Cardboxed · 01/02/2016 17:01

DinosaursRoar Her dad was the RP, for a multitude of reasons I won't go into here on this thread but the three of them and I lived pretty much full time together till uni.

TreadSoftlyOnMyDreams I haven't brought it up with her and I don't really intend to do so. It's her choice, it's her wedding and that's what it really comes down to. For my part, I think I will distance myself a bit because I'm actually now questioning the whole relationship we had - not just a wedding - and although I know I'll get over it, I don't think I'll ever think of her in the way I did again.

OP posts:
TakesTwoToTango · 01/02/2016 17:10

Op, how is the situation with her mother? Especially surrounding her separation from your step father and his marriage to your mother? I ask because I didn't have my half sisters as my bridesmaids, not because I don't love them, but because my dad's marriage to their mother caused my mum so much pain that I couldn't do that to my mum (I had already put my foot down and said my step mother was to be invited to the wedding and would be attending despite my mothers protestations) and selfishly, I knew her hurt and the fallout would put a huge burden on me too. As a result I also didn't have my full sister as a bridesmaid either, because I felt I couldn't have her and not my half sisters, but that's another thread..,

ZiggyFartdust · 01/02/2016 17:10

Not remotely defensive, just bemused at how may people seem to be able to judge a situation they know nothing about. I bet the majority don't have step siblings yet think they know all about it.

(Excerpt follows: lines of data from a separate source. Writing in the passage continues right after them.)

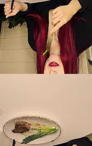 Food fetish video of Maddy Nelson with natural tits & shaved cunt
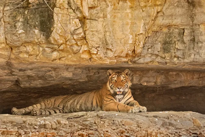 This image of a male tiger resting inside a cave was taken in May 2018 in Ranthambhore National Park. Since it can get really hot in May, the tiger had been sitting in a waterhole for the better part of the day. In the afternoon, he got up and entered this cave to get some respite from the sun. Later in the evening, he emerged from the cave to quench his thirst before disappearing into the jungle.
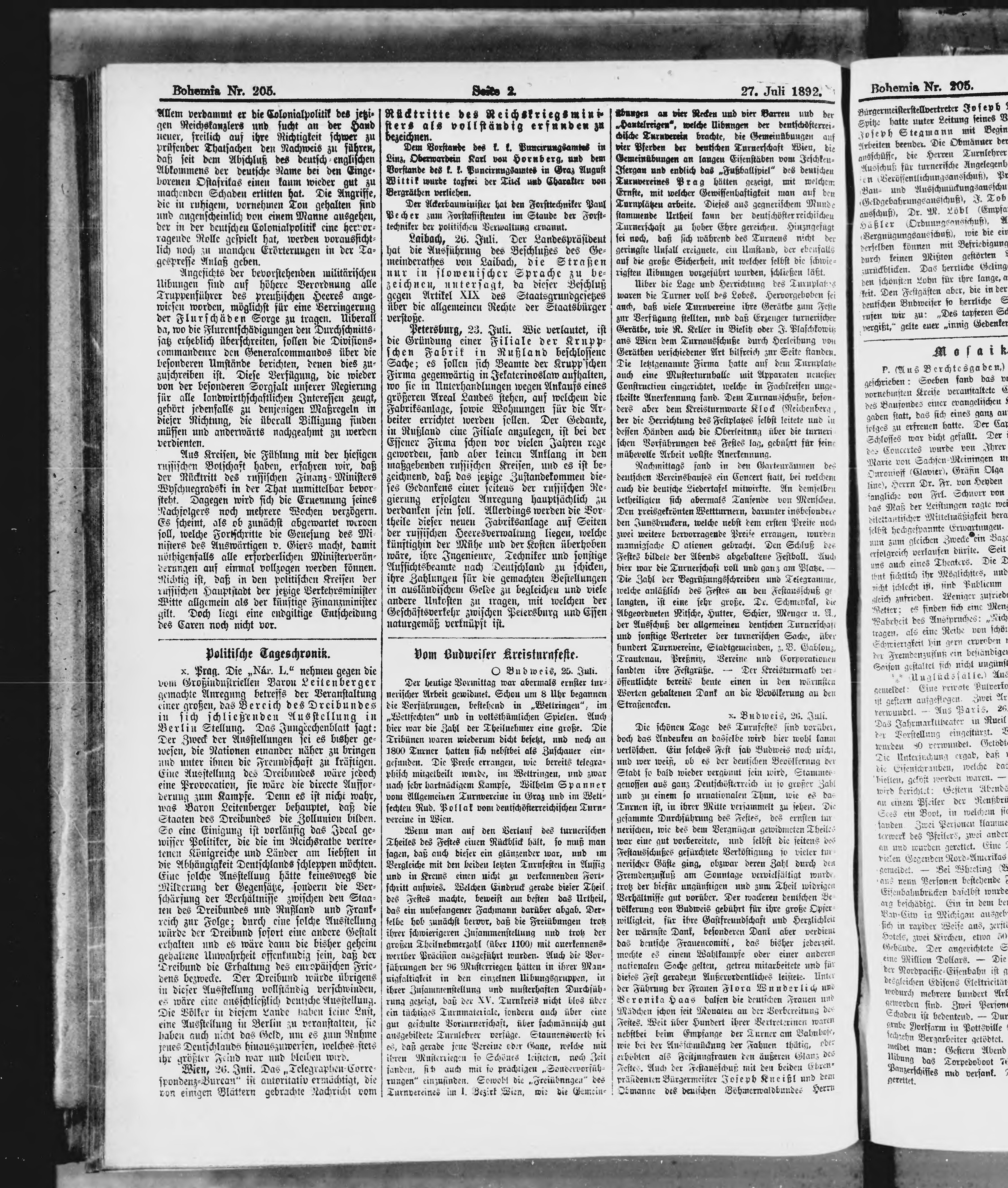 * Datum vydání výtisku: 27.7.1892 Číslo výtisku: 205
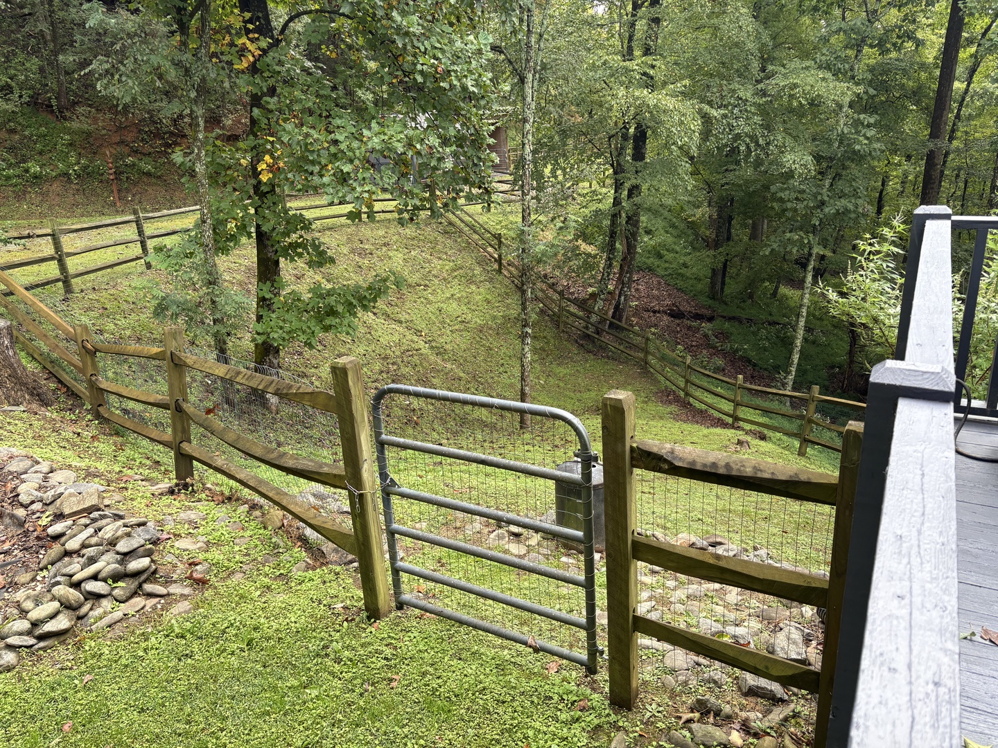• Fenced in back yard with wooden split rail fencing with a wire mesh enclosure.
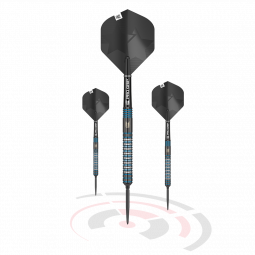 Target Adrian Lewis Black Edition Swiss Point Steeldartsmit einem Tungsten Anteil von 90 %. In enger Zusammenarbeit mit Adrian entstand diese Black Edition der Darts die Jackpot aktuell spielt. Mit einem schwarz beschichteten Barrel präzisen Fräsungen und blauen Highlights wird dieses Set zum echten Hingucker. Bei diesem Dartset ist das Target Swiss Point System verbaut mit dem die Dartspitzen mit dem beiliegenden Tool in Sekundenschnelle gewechselt werden können. Eine strategisch ausgelegte Nut stellt bei einem Bruch der Spitze sicher das der im Barrel verbliebene Rest einfach entfert werden kann um Platz für eine neue Spitze zu machen. Ein ausgeklügeltes Verriegelungssystem mit Kegel und Gewindetechnik sorgt dafür dass sich die Spitzen während des Spiels nicht lösen. Swiss Point Darts sind nur mit Target Swiss Point Spitzen kombinierbar. Bei uns findet ihr ein großes Angebot an Wechselspitzen Das Set kommt mit 26 mm Swiss Point Wechselspitzen schwarzen Target Pro Grip Shafts (Short) Jackpot Flights und einem Swiss Point Tool für den schnellen Spitzenwechsel. Abmessungen Länge 22 g 5100 mm 630 mm 24 g 5100 mm 650 mm 26 g 5100 mm 670 mm

OP, your attitude is weird. You thought you were very close sisters, yet you have unilaterally decided that she must see you differently, without talking to her. And you are going to distance yourself and never think of her the same way again? Thats not how sisters behave. and its not how people in a close family relationship behave.
If you can't even talk to her, you obviously aren't that close at all, and you can't be as surprised as you say you are.

harrasseddotcom · 01/02/2016 21:44

YANBU. I find it hard to believe that people can be so callous, or maybe unthinking to do stuff like that. (Not that I dont believe you, i do!) I came into some money a few years ago and gave each of my siblings (full/half/step) each a little gift, all equal. My step brother came into my life after i'd left home and he was well into his teens. But id never think to miss him out. Dont understand people who would do this.